The game, nonetheless, got out of hand as reliever Nate Jones proved no improvement. After inducing the second out, Jones gave up a walk to Maxwell, a two-run double to catcher Chris Snyder, a run-scoring single to Altuve and a single to Bixler that set up the aforementioned slapstick rundown play.

Sox' DH Adam Dunn cut the lead to 9-4 with a home run that continued his incredible power rebound after the abysmal first season he had after signing a free-agent contract with the team. Dunn now has 20 homers, nine more than he hit all of last year, and 46 runs batted in, four more than he had in all of 2011.  


(Adam Dunn heads for third after belting his 20th homer of the season.)

But Houston got one more homer, a two-run job off Zach Stewart with two outs in the eighth, from a most unexpected source: Altuve, who is having a fine first full season in the majors with a .326 batting average but whose 5-foot-5, 170-pound build doesn't scream "power hitter."

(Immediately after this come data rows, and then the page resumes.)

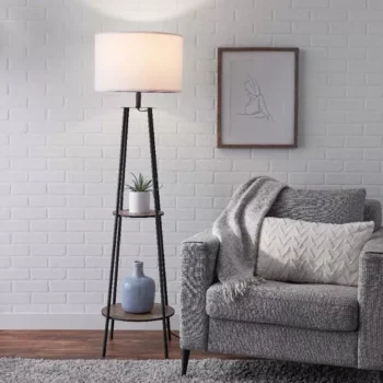 Etagere Matte Black Floor Lamp with Integrated Shelves
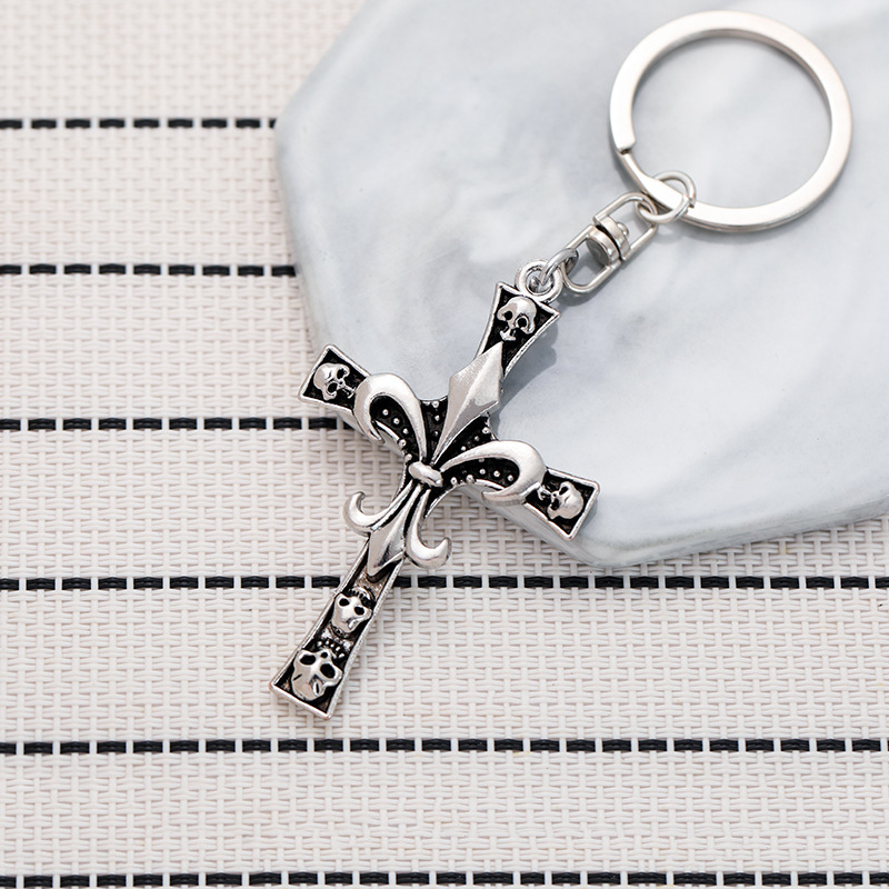 欧米のクロクロの炎の十字のキーホルダーの小さい大衆のパンクの復古はストラップの自動車のペンダントの卸売りをします。
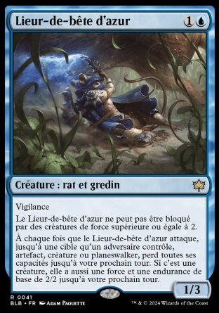 Le Lieur-de-bête d'azur ne peut pas être bloqué par des créatures de force supérieure ou égale à 2.
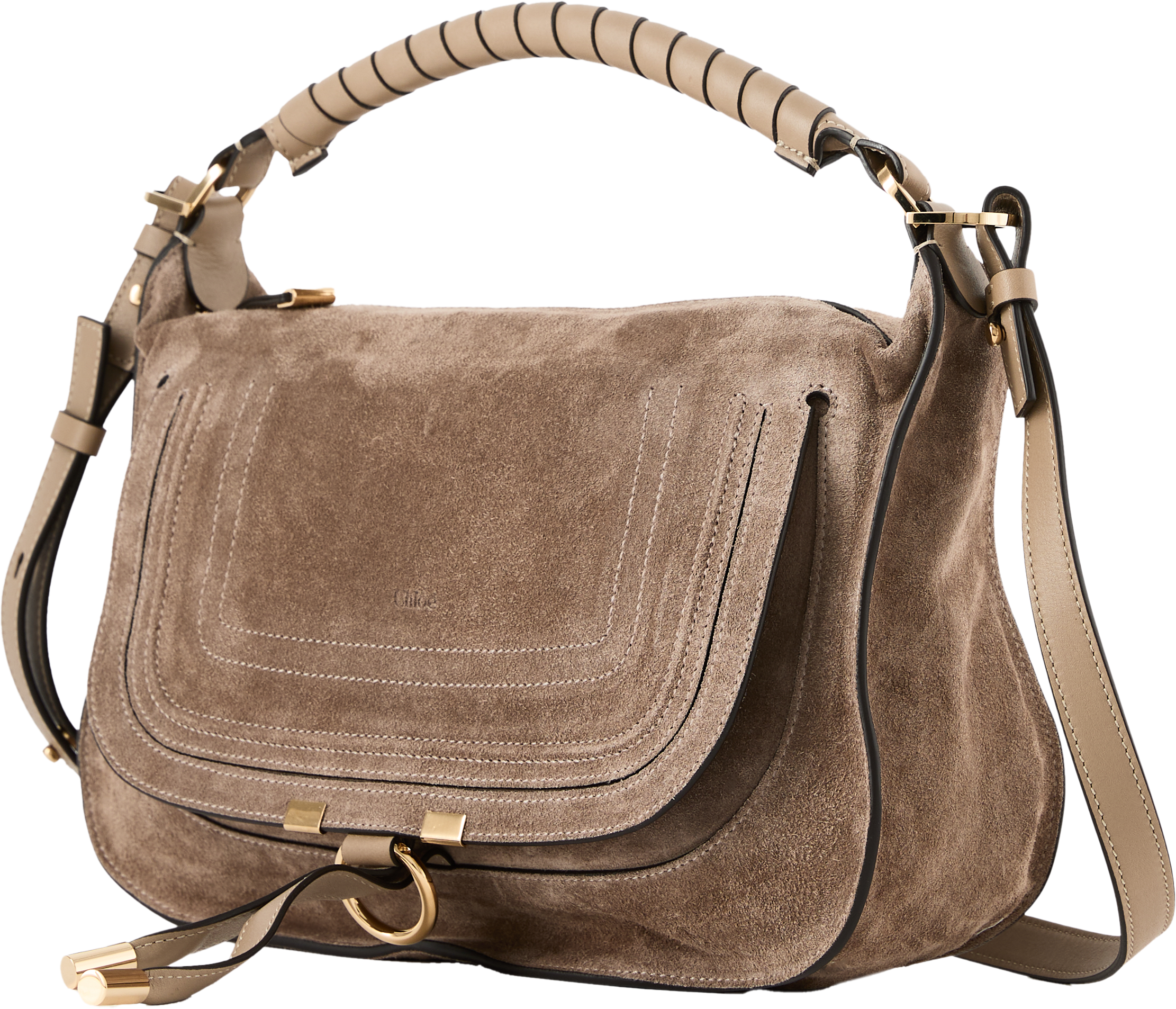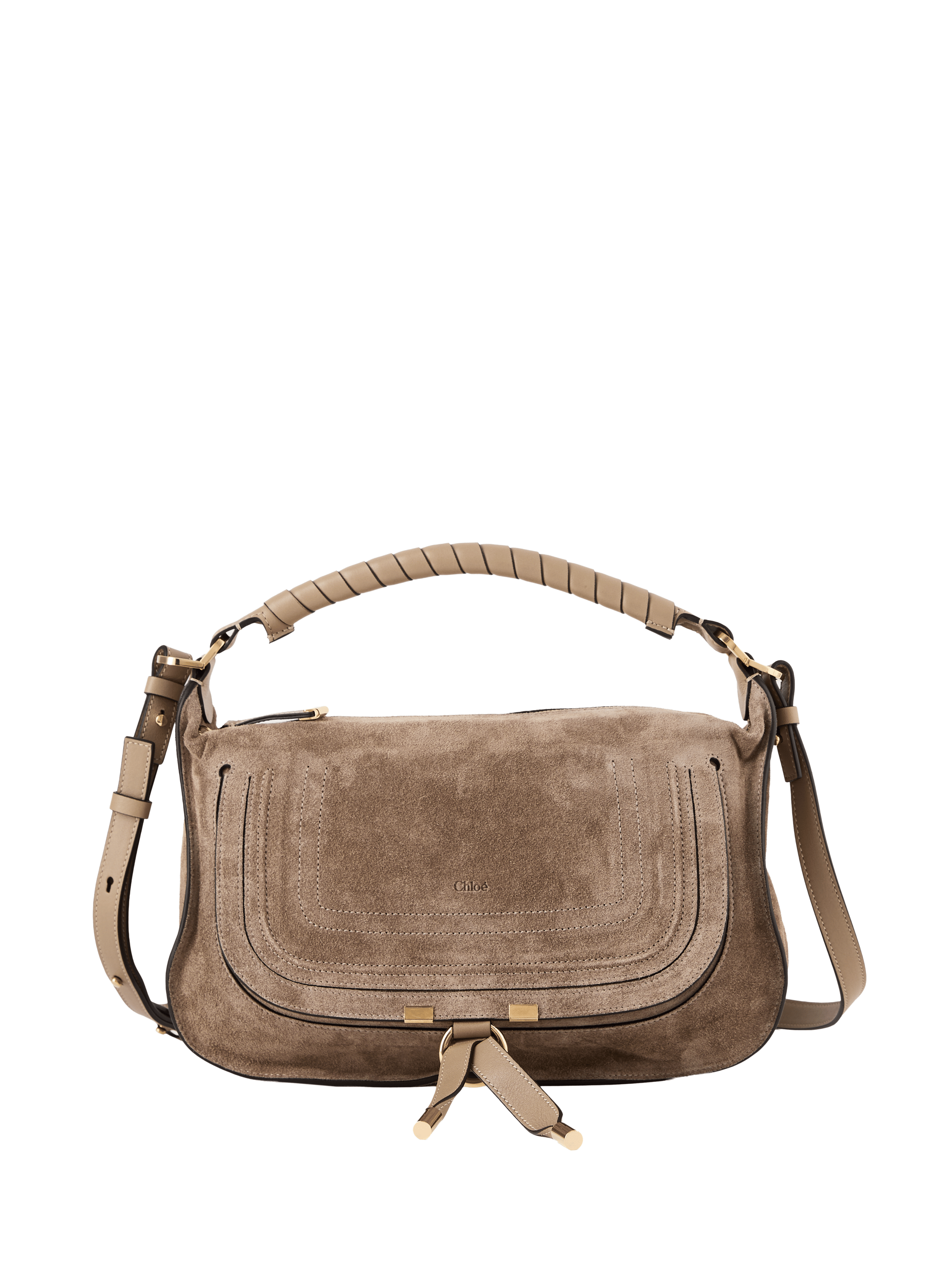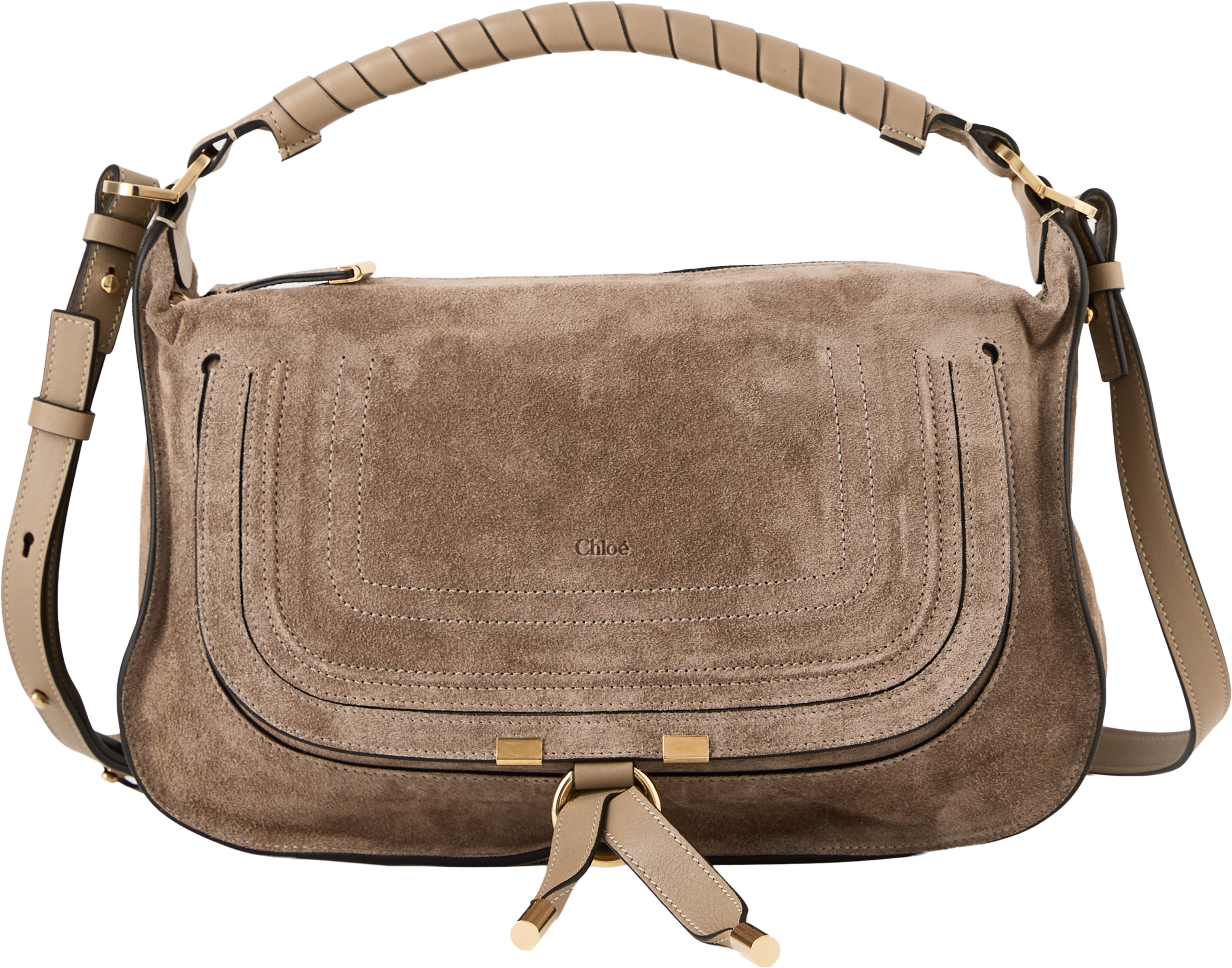 Die Handtasche 'Marcie Hobo' von Chloé in Boyish Brown wurde aus Kalbswildleder gefertigt und besticht durch die Neuinterpretation der ikonischen Day Bag mit einer lockereren Form. Die Sattelnähte, der einzelne handgewickelte Griff und die goldfarbenen Beschläge machen die Tasche zu einem sportlich-eleganten Klassiker. Die herabhängenden Lederquasten der Linie schließen den Überschlag.
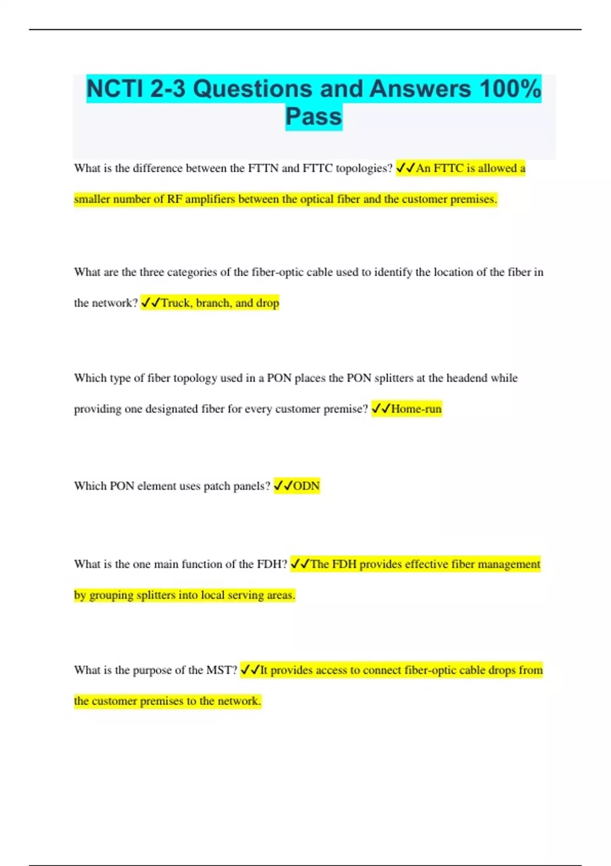 NCTI 2-3 Questions and Answers 100% Pass What is the difference between the FTTN and FTTC topologies? An FTTC is allowed a smaller number of RF amplifiers between the optical fiber and the customer premises. What are the three categories of the fiber-optic cable used to identify the location of the fiber in the network? Truck, branch, and drop Which type of fiber topology used in a PON places the PON splitters at the headend while providing one designated fiber for every customer premise? Home-run Which PON element uses patch panels? ODN What is the one main function of the FDH? The FDH provides effective fiber management by grouping splitters into local serving areas. What is the purpose of the MST? It provides access to connect fiber-optic cable drops from the customer premises to the network. What is the purpose of a fiber demarcation box? It provides a safe place to splice, split, distribute, store, and cross-connect fiber optics. How are optical splitters used in the forward path? As passive branching devices that divide an optical signal across multiple output fibers. What is the main benefit of deploying WDM technology? It will increase the capacity of the existing fiber networks tenfold without adding any more fiber. What is unique about WDM-PON? WDM-PON deployed in a greenfield system allows each subscriber to get their own designated wavelength. What is the purpose of the SDU? It provides surge protection, a test jack, circuit protection, wiring management, and fiber termination. What are the advantages of loose buffer tube fiber? It offers the best protection for the fibers under high pulling tension and moisture with its fiber-coated gel. What is an ONU/ONT? It is a device that converts light from fiber to Rf for coaxial distribution into home. What are the characteristics of ITU-T G.657 BIF? It is flexible for installation in small spaces and has a small bend radius of 7.5 mm or 10mm.
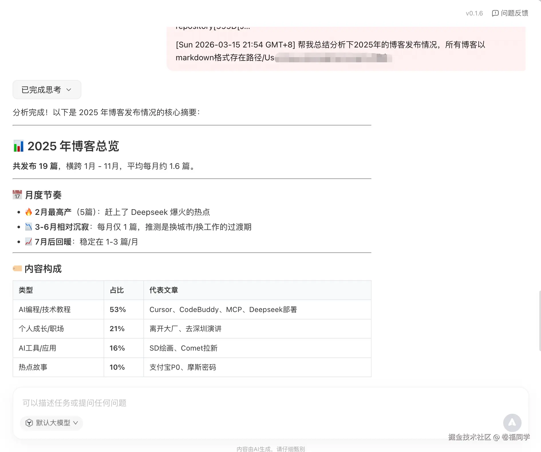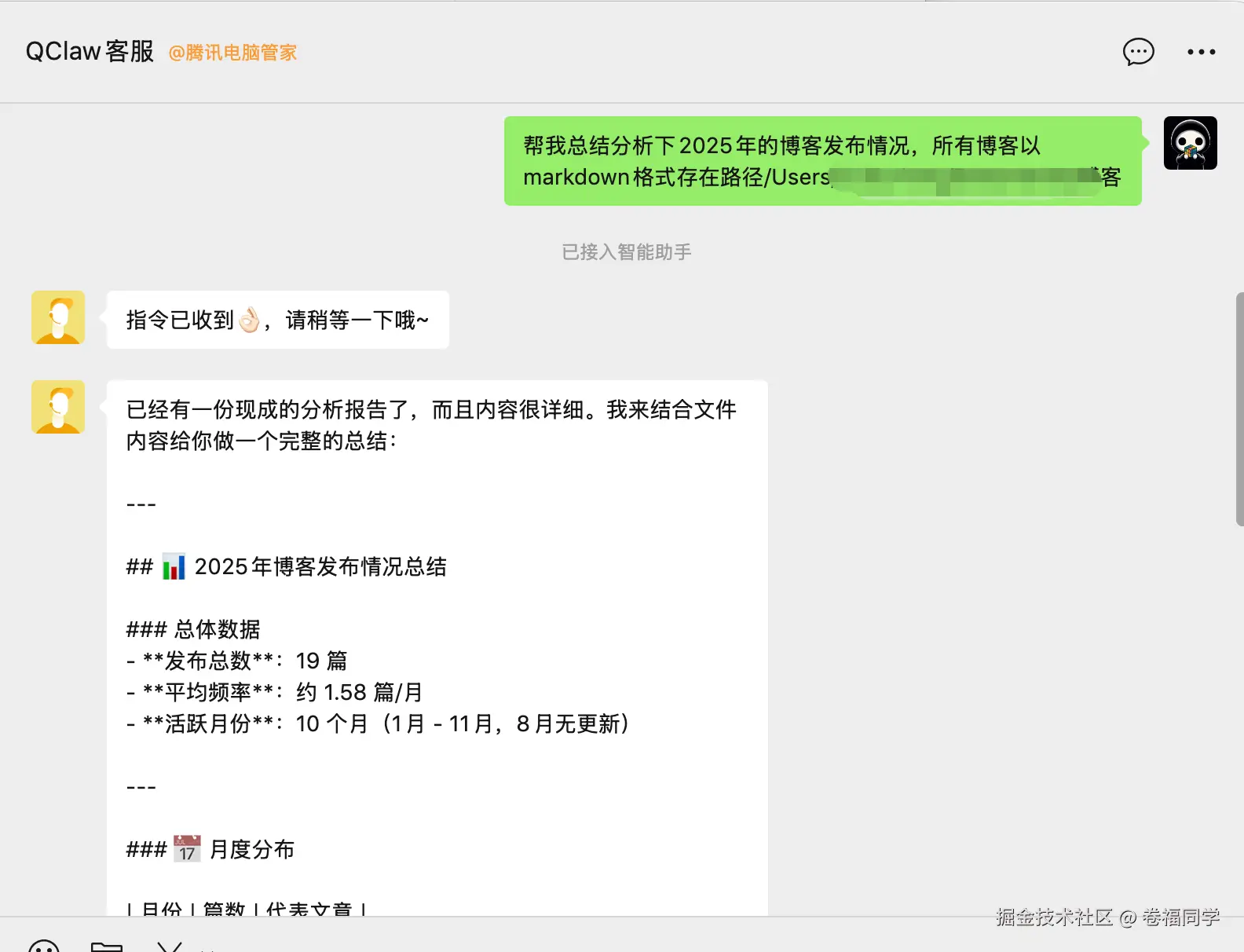 现在测试QClaw的文件处理能力,比如我想对2025年发布的所有博客进行分析总结,对话内容如下
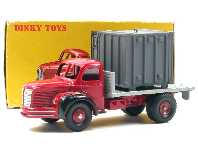 DINKY TOYS (FRANCE) 34B BERLIET Plateau avec container (version avec goupille) rouge, plateau gris clair
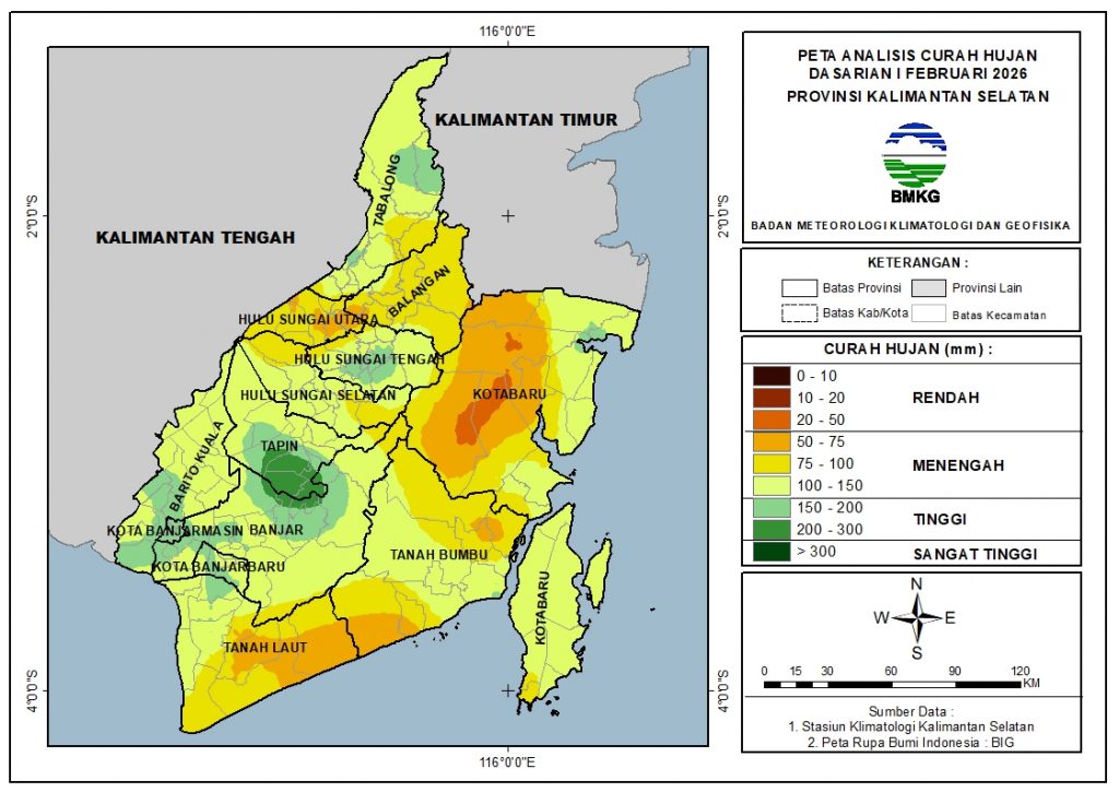 Pada Dasarian I Februari 2026, sebagian besar wilayah Kalimantan Selatan mengalami curah hujan dengan kategori Menengah, yaitu mencakup sekitar 87.3% wilayah. Selain itu, sekitar 11.5% wilayah mengalami curah hujan kategori Tinggi dan sekitar 1.2% wilayah mengalami curah hujan kategori Rendah

Falling behind 11-4 apparently was a wake-up call for the Sox. They got two back when Astros reliever Wilton Lopez got touched for a homer by Paul Konerko, the steady 36-year-old star whose great start (.365 average, 12 homers, 35 RBI) not only makes him a strong candidate for the All-Star Game but has raised chatter about a future induction into the Baseball Hall of Fame. Then in the 9th, the Astros brought struggling reliever Fernando Rodriguez in to get some work with a five-run lead, which quickly became two runs after he gave up a three-run homer to Sox' veteran third baseman Orlando Hudson, who had been in a hitting slump since Chicago picked him up from San Diego. That forced the Astros to bring in closer Brett Myers, but he quickly shut the door, preserving the 11-9 win with his 15th save.


(Paul Konerko about to kiss that ball goodbye for his 12th homer of the year.)

My next report from the ballpark will follow Wednesday's game between the Cubs and Detroit Tigers at Wrigley Field. I'll be back at U.S. Cellular Field next Monday, when the Cubs visit to finish up this year's Crosstown Classic. The Sox swept the three-game series between the teams at Wrigley May 18-20.